--- START ---
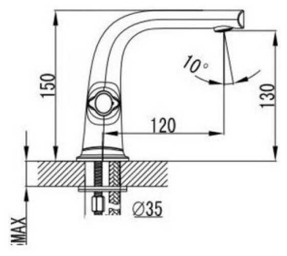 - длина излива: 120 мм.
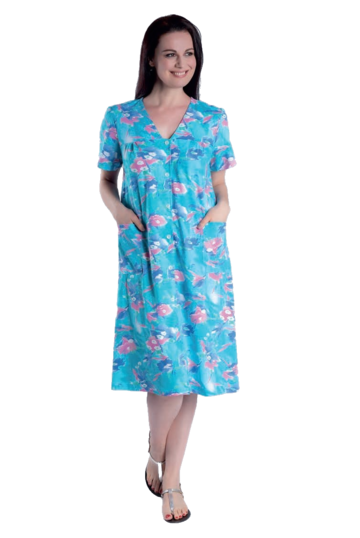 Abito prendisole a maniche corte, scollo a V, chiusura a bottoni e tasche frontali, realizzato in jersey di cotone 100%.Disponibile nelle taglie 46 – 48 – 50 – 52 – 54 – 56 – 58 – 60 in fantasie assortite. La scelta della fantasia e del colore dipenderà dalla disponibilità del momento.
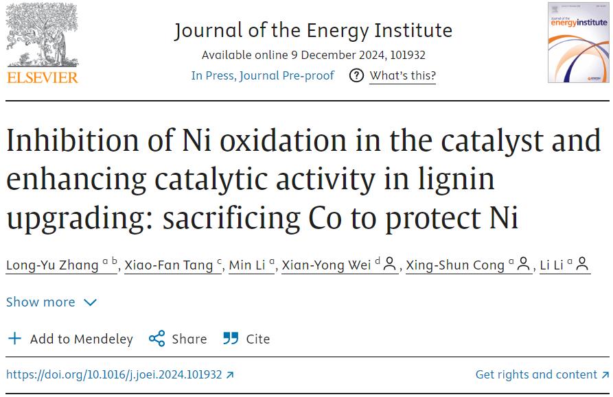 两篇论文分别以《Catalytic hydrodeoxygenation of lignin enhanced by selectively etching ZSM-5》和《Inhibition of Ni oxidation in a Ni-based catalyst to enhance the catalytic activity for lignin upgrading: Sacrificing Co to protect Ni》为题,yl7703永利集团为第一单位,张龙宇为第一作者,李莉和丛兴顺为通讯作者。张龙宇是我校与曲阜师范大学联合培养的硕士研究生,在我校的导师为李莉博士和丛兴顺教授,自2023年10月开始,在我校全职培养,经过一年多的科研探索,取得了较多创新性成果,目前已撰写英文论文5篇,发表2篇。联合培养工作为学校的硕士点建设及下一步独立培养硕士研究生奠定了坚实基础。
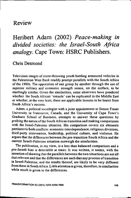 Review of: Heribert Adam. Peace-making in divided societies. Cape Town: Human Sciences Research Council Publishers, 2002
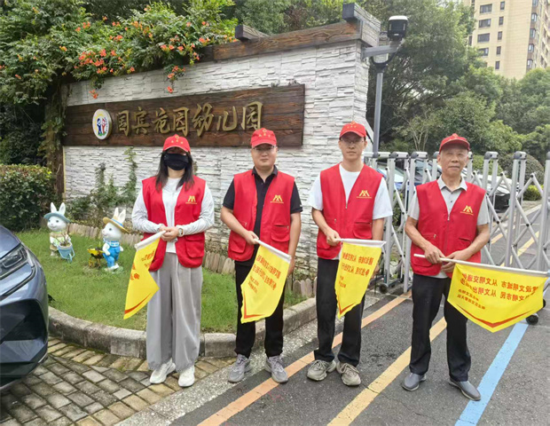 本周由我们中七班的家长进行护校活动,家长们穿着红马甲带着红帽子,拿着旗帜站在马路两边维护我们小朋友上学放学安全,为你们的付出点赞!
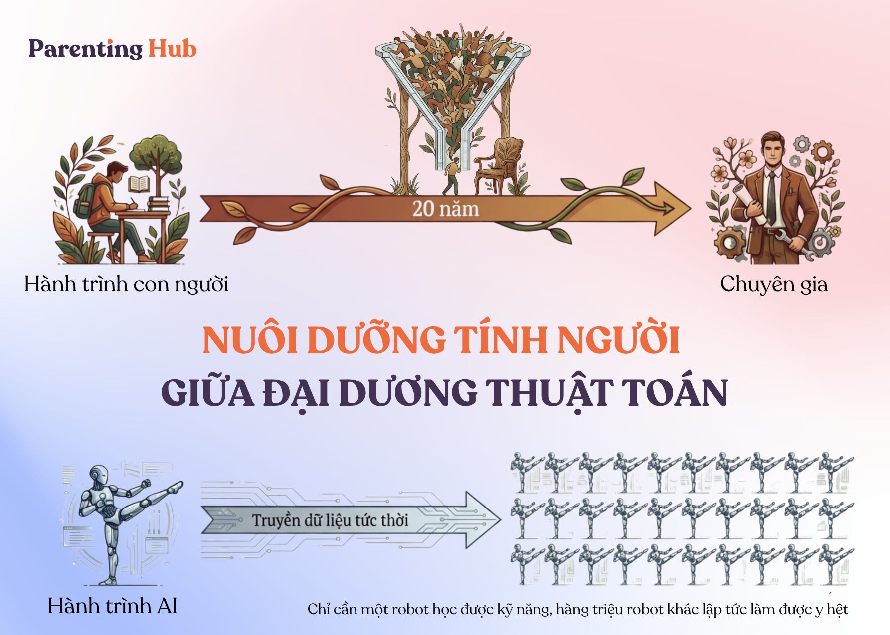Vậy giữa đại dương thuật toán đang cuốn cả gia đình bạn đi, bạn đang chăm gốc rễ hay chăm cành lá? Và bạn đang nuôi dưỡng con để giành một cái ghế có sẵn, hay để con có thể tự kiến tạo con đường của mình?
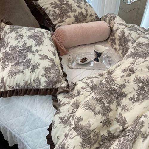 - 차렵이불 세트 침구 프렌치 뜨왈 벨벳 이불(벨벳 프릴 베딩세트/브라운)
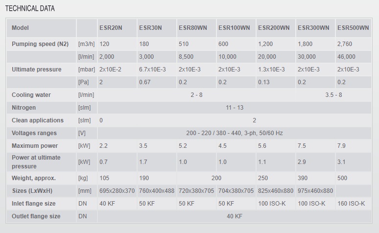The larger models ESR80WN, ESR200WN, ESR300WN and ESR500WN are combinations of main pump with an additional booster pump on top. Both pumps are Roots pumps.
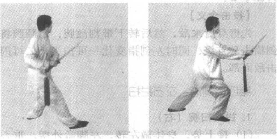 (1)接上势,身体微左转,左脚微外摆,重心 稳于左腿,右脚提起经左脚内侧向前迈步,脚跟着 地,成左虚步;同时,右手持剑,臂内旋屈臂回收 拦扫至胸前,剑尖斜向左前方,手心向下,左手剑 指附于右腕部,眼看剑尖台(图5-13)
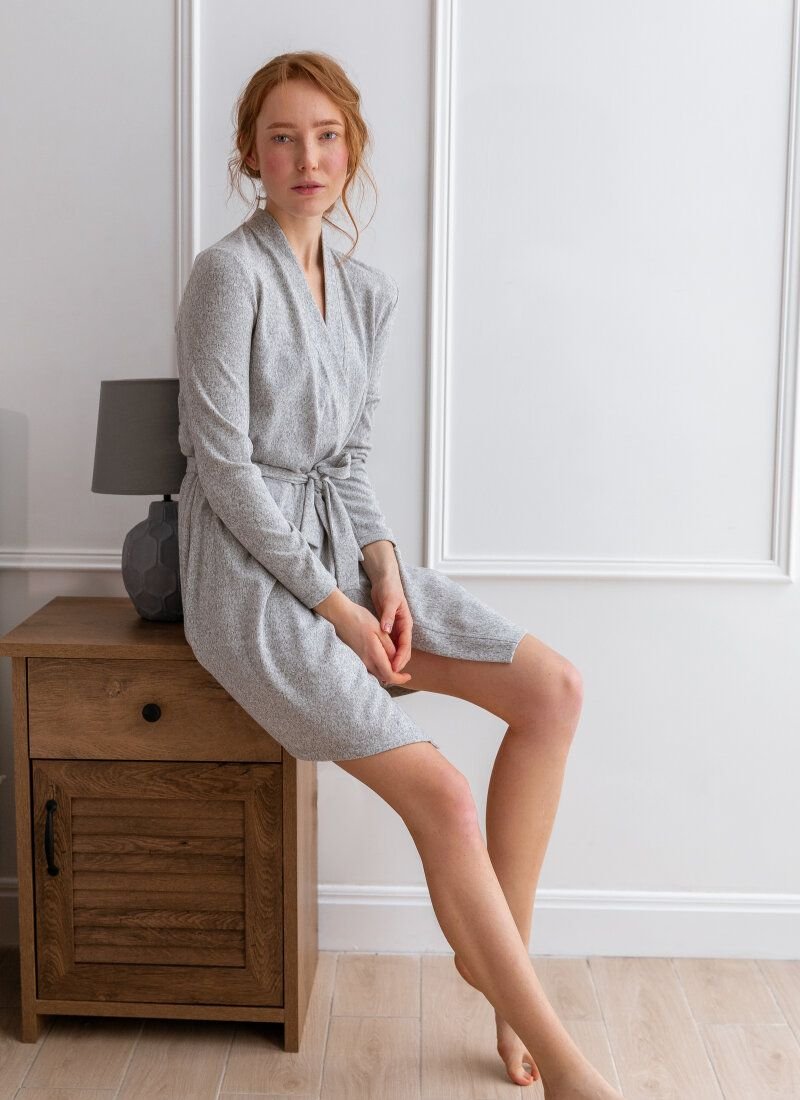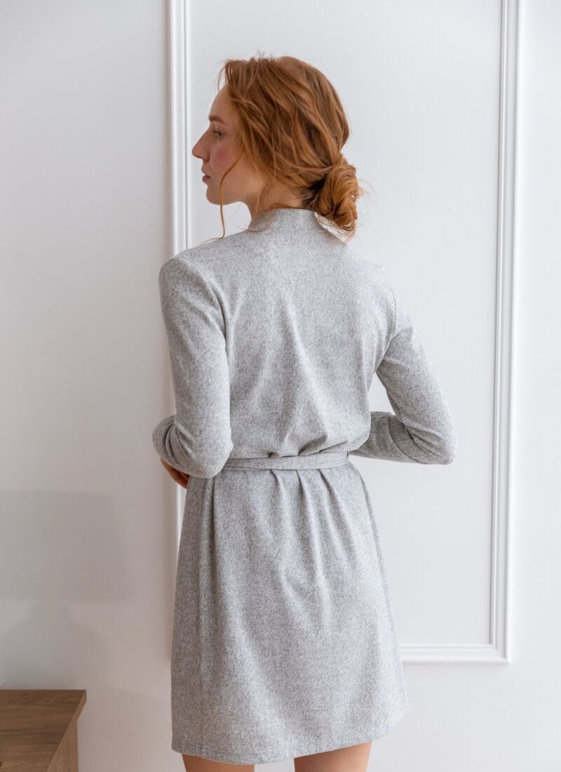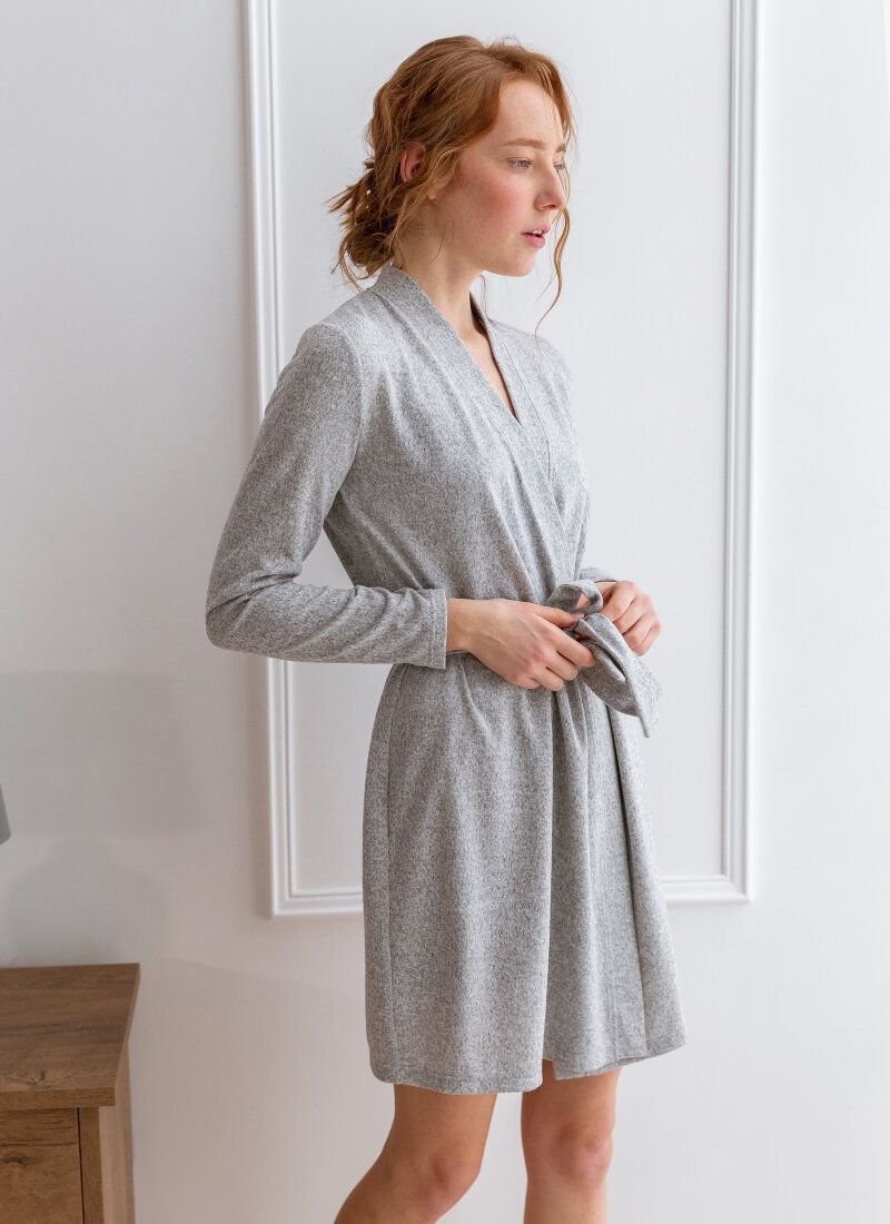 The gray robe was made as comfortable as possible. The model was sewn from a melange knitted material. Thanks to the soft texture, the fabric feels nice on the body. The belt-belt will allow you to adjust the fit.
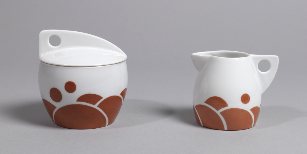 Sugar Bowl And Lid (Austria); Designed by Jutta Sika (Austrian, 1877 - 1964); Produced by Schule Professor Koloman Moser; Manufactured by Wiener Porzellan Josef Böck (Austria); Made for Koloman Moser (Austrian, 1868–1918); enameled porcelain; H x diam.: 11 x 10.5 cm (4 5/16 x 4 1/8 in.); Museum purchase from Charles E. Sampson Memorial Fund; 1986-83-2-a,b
--- END ---
WORK REQUEST: Omitting all pictures, restate word for word the lines from the one containing "The larger models" through the last line of the data.

TASK OUTPUT:
The larger models ESR80WN, ESR200WN, ESR300WN and ESR500WN are combinations of main pump with an additional booster pump on top. Both pumps are Roots pumps.
 (1)接上势,身体微左转,左脚微外摆,重心 稳于左腿,右脚提起经左脚内侧向前迈步,脚跟着 地,成左虚步;同时,右手持剑,臂内旋屈臂回收 拦扫至胸前,剑尖斜向左前方,手心向下,左手剑 指附于右腕部,眼看剑尖台(图5-13)
 The gray robe was made as comfortable as possible. The model was sewn from a melange knitted material. Thanks to the soft texture, the fabric feels nice on the body. The belt-belt will allow you to adjust the fit.
 Sugar Bowl And Lid (Austria); Designed by Jutta Sika (Austrian, 1877 - 1964); Produced by Schule Professor Koloman Moser; Manufactured by Wiener Porzellan Josef Böck (Austria); Made for Koloman Moser (Austrian, 1868–1918); enameled porcelain; H x diam.: 11 x 10.5 cm (4 5/16 x 4 1/8 in.); Museum purchase from Charles E. Sampson Memorial Fund; 1986-83-2-a,b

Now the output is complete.